Implement `insert_into` for `IcebergTableProvider`
Is your feature request related to a problem or challenge?
As a part of #1382 , we need to implement insert_into for IcebergTableProvider to support INSERT INTO query in datafusion:
insert into t value (1, 'a');
Physical Plans
Within insert_into, we will need to add a few nodes / Datafusion physical plans to complete the write process. And the entire write process can be described by the flowchart below:
flowchart TD
A(["Input Node"]) --> F["Project Node"]
F --> B["Repartition Node"]
B --> C["Sort Node"]
C --> D["Writer Node"]
D --> E["Commit Node"]
- Input Node: Input physical plan that represents the input data
- Project Node: Caculate partition value
- Repartition Node: Decide the partitioning mode for the best parallelism
- Sort Node: Sort the input data
- Writer Node: Spawn Iceberg writers and write the input data
- Commit Node: Commit the data written using Iceberg Tx API
Writer Extension
Except writers mentioned in the writer path of #1382 , there are other writers like RollingFileWriter can be useful to help split incoming data into multiple files
Tasks List
- [x] #1541
- [x] #1542
- [x] #1543
- [ ] #1544
- [x] #1545
- [x] #1546
Hi @CTTY, I'm curious how write node and commit node Interact in this path🤔? Actually I have a draft in previous and it implement integration via DataSink trait. #833
I am interested on working on this
Hi @ZENOTME ,
how write node and commit node Interact in this path
Write node will need to serialize Vec<DataFile> and send it to commit node in a stream, and commit node will deserialize it. My draft here probably will make more sense to me explaining in text:)
I've discussed with @liurenjie1024 offline over the DataSink trait before, and we are not sure about some design details in DataSink:
- The repartitioning/demuxing and the following writing process in DataSinkExec will be done on a single node using multiple threads (link) and demuxing only makes sense when you don't know the parallelism beforehand, which is not the case here because parallelism should be configurable
- DataSinkExec enforces input to be single partitioned (link)
Hi @ZENOTME ,
how write node and commit node Interact in this path
Write node will need to serialize
Vec<DataFile>and send it to commit node in a stream, and commit node will deserialize it.
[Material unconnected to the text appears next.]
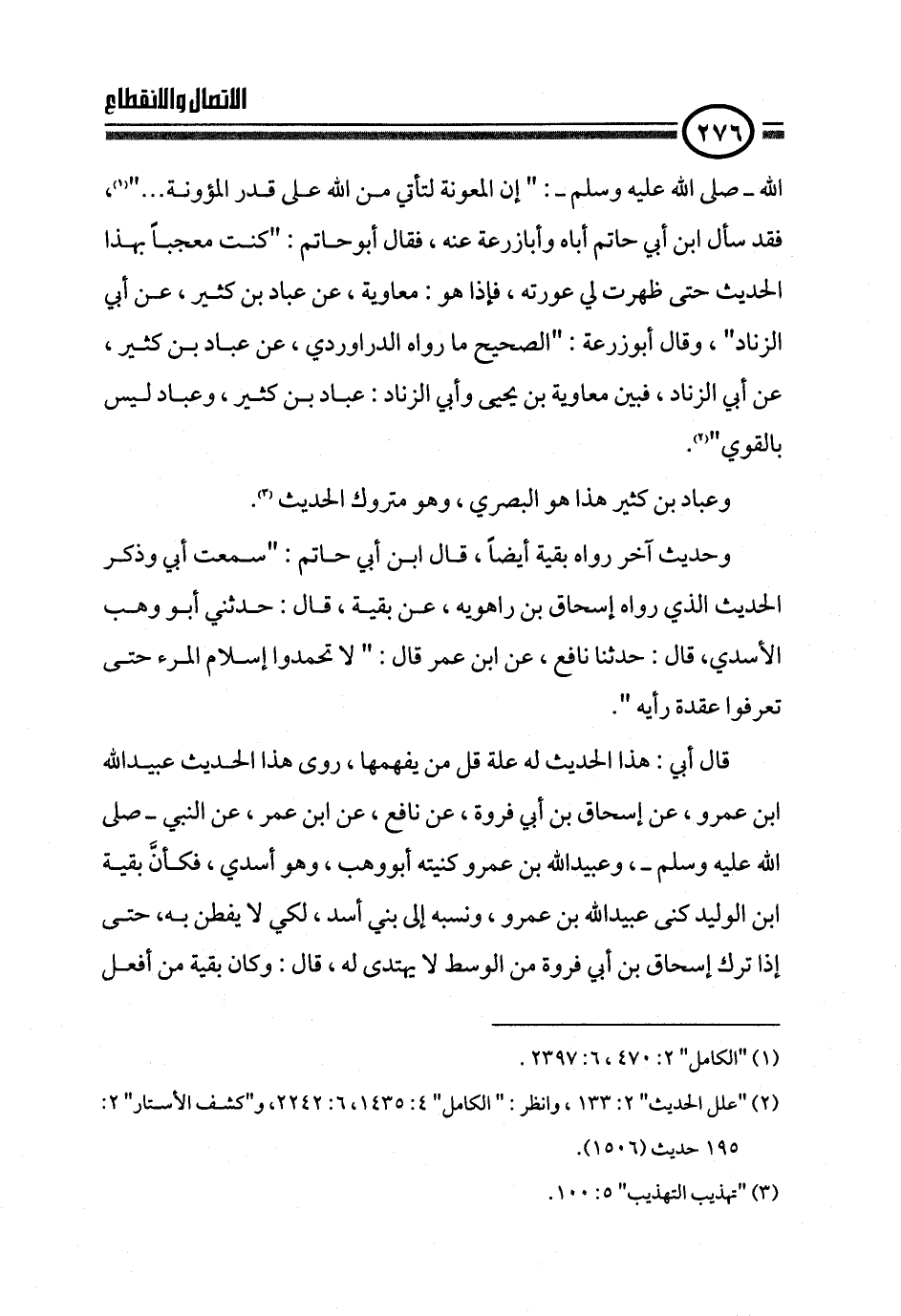 (¬٢) "علل الحديث" ٢: ١٣٣، وانظر: " الكامل" ٤: ١٤٣٥، ٦: ٢٢٤٢، و"كشف الأستار" ٢: ١٩٥ حديث (١٥٠٦).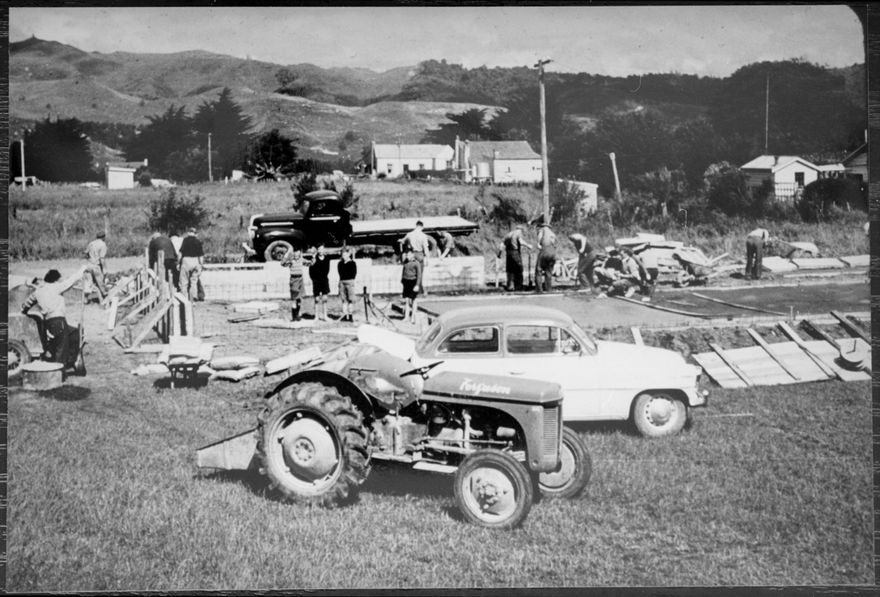 A group working on the construction of the Ashhurst School Pool, which was officially opened in February 1958. The pool was built with voluntary labour. The tractor in the foreground is a Massey Ferguson, probably a Ferguson TO-30 or TO-35.

My draft here probably will make more sense to me explaining in text:)I've discussed with @liurenjie1024 offline over the DataSink trait before, and we are not sure about some design details in
DataSink:
- The repartitioning/demuxing and the following writing process in DataSinkExec will be done on a single node using multiple threads (link) and demuxing only makes sense when you don't know the parallelism beforehand, which is not the case here because parallelism should be configurable
- DataSinkExec enforces input to be single partitioned (link)
I see. Thanks your explain @CTTY! This design LGTM. Let's move!
It looks like all of the tasks listed for this issue are complete. Is the topic still open?
I'm asking because I'm looking at testing some features with Iceberg and I'm wondering if there is support for only append operations or if we an also do overwrite / replace. In insert_into it looks like the insert mode is ignored. I know the parquet table provider only has append support, so I'm wondering if that trickles down to iceberg as well.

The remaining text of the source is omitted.